- EXERCISE DETAILS:
Please reproduce all the data exactly as written and omit the pictures.

═══ DATA UNDER STUDY

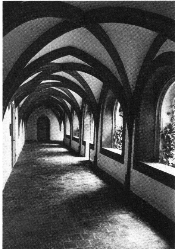
Abbildung 4: Kreuzgang im ehemaligen Dominikanerinnenkloster St. Katharina, St. Gallen.

St. Katharinen «die älteste bisher dokumentarisch nachgewiesene [Statue der Muttergottes von Einsiedeln] außerhalb ihres Verbreitungsgebietes». 14 Leider blieben diese Hinweise bisher in Einsiedeln unbeachtet.
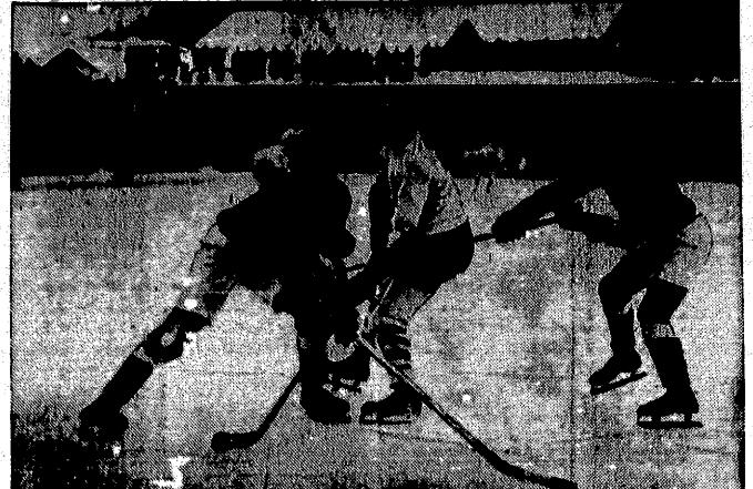
Hokeyowe mistrzostwa świata w Davos, trwające przelotnie zostały zakończone zwycięstwem pierwszego miejsca i tytułu mistrza świata przed bezkonkurencyjną Kanadą...
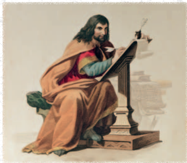
Einhard, wie ihn sich die Romantiker im 19. Jh. vorgestellt haben (Stich nach Dupré)

War ein langobardischer Geschichtsschreiber und Mönch. 782 kam er als Lehrer an die Hofschule Karls des Großen. Er hinterließ ein unvollendetes Kompendium über die Geschichte der Langobarden.
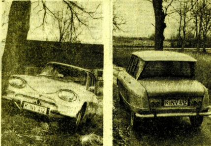
Auf grundlosen Störwegen bewies der „Ami 4“ seine tadellose Strafenlage. Unten rechts ist die schräge Heckschleife zu erkennen...
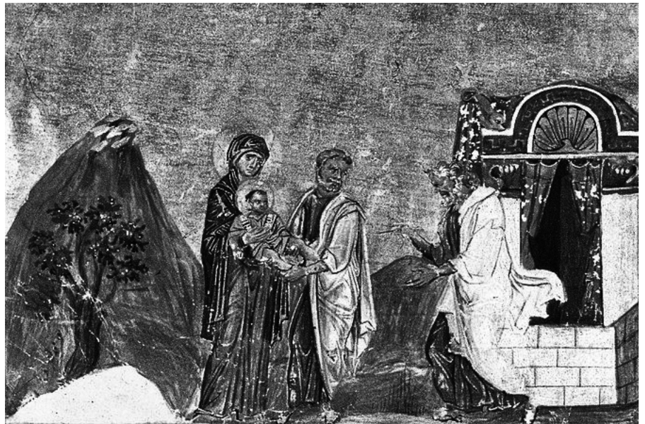
Минология Василия II. Константинополь. 985 г.

детельствует о вступлении человека в Новый Завет с Богом.
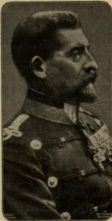
König Ferdinand von Rumänien, Nachfolger und Neffe des verstorbenen Königs. (Mit Text.)

Eilig jagten die Stabsoffiziere zu ihren Bataillonen. Der Leutnant aber mußte nun, neben dem Oberst reitend, eingehend berichten. Als er fertig war, drückte jener warm seine Hand und sagte freundlich: „Sie sind und bleiben ein Tollkopf. Aber Ihr Wunsch betreffs des Kreuzes dürfte sich erfüllt haben!“
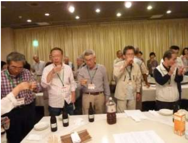
会場のあちらこちらで話が弾んでいました
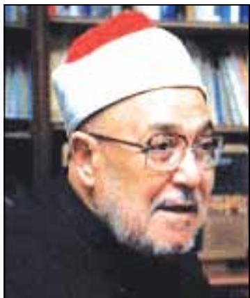
Shejkh Muhamed El-Gazali

N uk lejohet ngatërrimi mes ajeteve, të cilat prezantojnë thirrjen dhe ajeteve mbi ndërtimin e shtetit. Ajetet e para i drejtohen (flasin) një mendjeje bosh, që të njohë Zotin, ku në këtë rast, zakonisht, njeriu është injorant dhe mohues dhe, sapo t'i qetësohet zemra me besim, i themi: Jeta ka parime të tjera dhe obligime të reja!
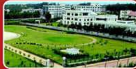
బెంగుళూరు యలహంకా ప్యాలెస్

చెన్నై ప్యాలెస్, ముంబై, కలకత్తాలో భవనాలు
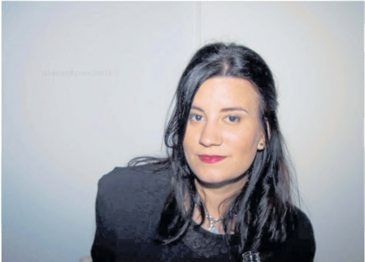
"No podría contar bien el tema judicial. Internamente no se calmó; que no se filtren cosas es otro tema", aclara la primogénita de Lanata
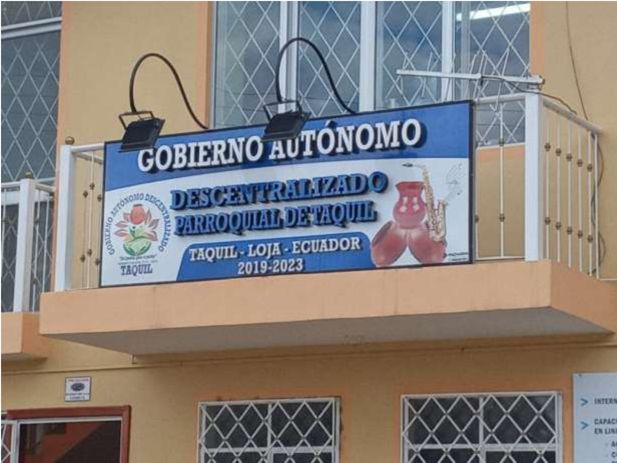
Nota: infraestructura de la junta parroquial de Taquil
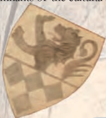
Zaremba coat of arms. Heraldic framing in St. Jacob the Apostle chapel in Łąd by Warta River.

Hill fort and the late Gothic parish church with two Romanesque slabs (placed on the outside of the presbytery) can be enumerated among the most interesting remnants of the cultural heritage preserved in Królików.
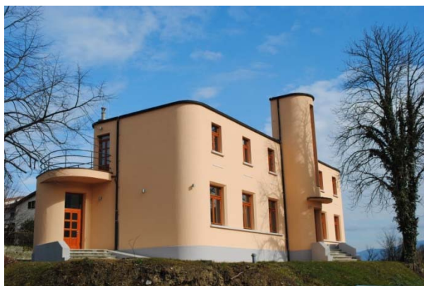
Učni center deluje v prenovljenem objektu osnovne šole v naselju Brje.

Za to, da se razvojni potenciali podeželja pretvorijo v zelena delovna mesta, je ključen dvig vsestranske usposobljenosti pridelovalcev, predelovalcev, rokodelcev, ponudnikov storitev itd. Občina Ajdovščina je z namenom ohranjanja bogate sadjarske in vinogradniške tradicije območja Vipavske doline vzpostavila učni center za predelavo in promocijo kmetijskih pridelkov .
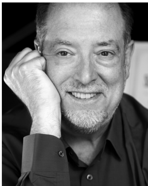
Garrick Ohlsson

Giancarlo Guerrero od sezonu 2017/2018 jest dyrektorem artystycznym NFM Filharmonii Wrocławskiej. Z orkiestrą tą zadebiutował w październiku 2016 r. Od 2009 r. jest dyrektorem muzycznym Nashville Symphony w Stanach Zjednoczonych. W tym okresie zespół odbył liczne trasy koncertowe i dokonał kilkunastu wyróżnionych nagrodami nagrań dla Naxos. Giancarlo Guerrero był również głównym dyrygentem gościnnym podczas rezydencji legendarnej Cleveland Orchestra w Miami. Regularnie

══════

- RESPONSE:
Abbildung 4: Kreuzgang im ehemaligen Dominikanerinnenkloster St. Katharina, St. Gallen.

St. Katharinen «die älteste bisher dokumentarisch nachgewiesene [Statue der Muttergottes von Einsiedeln] außerhalb ihres Verbreitungsgebietes». 14 Leider blieben diese Hinweise bisher in Einsiedeln unbeachtet.
Hokeyowe mistrzostwa świata w Davos, trwające przelotnie zostały zakończone zwycięstwem pierwszego miejsca i tytułu mistrza świata przed bezkonkurencyjną Kanadą...
Einhard, wie ihn sich die Romantiker im 19. Jh. vorgestellt haben (Stich nach Dupré)

War ein langobardischer Geschichtsschreiber und Mönch. 782 kam er als Lehrer an die Hofschule Karls des Großen. Er hinterließ ein unvollendetes Kompendium über die Geschichte der Langobarden.
Auf grundlosen Störwegen bewies der „Ami 4“ seine tadellose Strafenlage. Unten rechts ist die schräge Heckschleife zu erkennen...
Минология Василия II. Константинополь. 985 г.

детельствует о вступлении человека в Новый Завет с Богом.
König Ferdinand von Rumänien, Nachfolger und Neffe des verstorbenen Königs. (Mit Text.)

Eilig jagten die Stabsoffiziere zu ihren Bataillonen. Der Leutnant aber mußte nun, neben dem Oberst reitend, eingehend berichten. Als er fertig war, drückte jener warm seine Hand und sagte freundlich: „Sie sind und bleiben ein Tollkopf. Aber Ihr Wunsch betreffs des Kreuzes dürfte sich erfüllt haben!“
会場のあちらこちらで話が弾んでいました
Shejkh Muhamed El-Gazali

N uk lejohet ngatërrimi mes ajeteve, të cilat prezantojnë thirrjen dhe ajeteve mbi ndërtimin e shtetit. Ajetet e para i drejtohen (flasin) një mendjeje bosh, që të njohë Zotin, ku në këtë rast, zakonisht, njeriu është injorant dhe mohues dhe, sapo t'i qetësohet zemra me besim, i themi: Jeta ka parime të tjera dhe obligime të reja!
బెంగుళూరు యలహంకా ప్యాలెస్

చెన్నై ప్యాలెస్, ముంబై, కలకత్తాలో భవనాలు
"No podría contar bien el tema judicial. Internamente no se calmó; que no se filtren cosas es otro tema", aclara la primogénita de Lanata
Nota: infraestructura de la junta parroquial de Taquil
Zaremba coat of arms. Heraldic framing in St. Jacob the Apostle chapel in Łąd by Warta River.

Hill fort and the late Gothic parish church with two Romanesque slabs (placed on the outside of the presbytery) can be enumerated among the most interesting remnants of the cultural heritage preserved in Królików.
Učni center deluje v prenovljenem objektu osnovne šole v naselju Brje.

Za to, da se razvojni potenciali podeželja pretvorijo v zelena delovna mesta, je ključen dvig vsestranske usposobljenosti pridelovalcev, predelovalcev, rokodelcev, ponudnikov storitev itd. Občina Ajdovščina je z namenom ohranjanja bogate sadjarske in vinogradniške tradicije območja Vipavske doline vzpostavila učni center za predelavo in promocijo kmetijskih pridelkov .
Garrick Ohlsson

Giancarlo Guerrero od sezonu 2017/2018 jest dyrektorem artystycznym NFM Filharmonii Wrocławskiej. Z orkiestrą tą zadebiutował w październiku 2016 r. Od 2009 r. jest dyrektorem muzycznym Nashville Symphony w Stanach Zjednoczonych. W tym okresie zespół odbył liczne trasy koncertowe i dokonał kilkunastu wyróżnionych nagrodami nagrań dla Naxos. Giancarlo Guerrero był również głównym dyrygentem gościnnym podczas rezydencji legendarnej Cleveland Orchestra w Miami. Regularnie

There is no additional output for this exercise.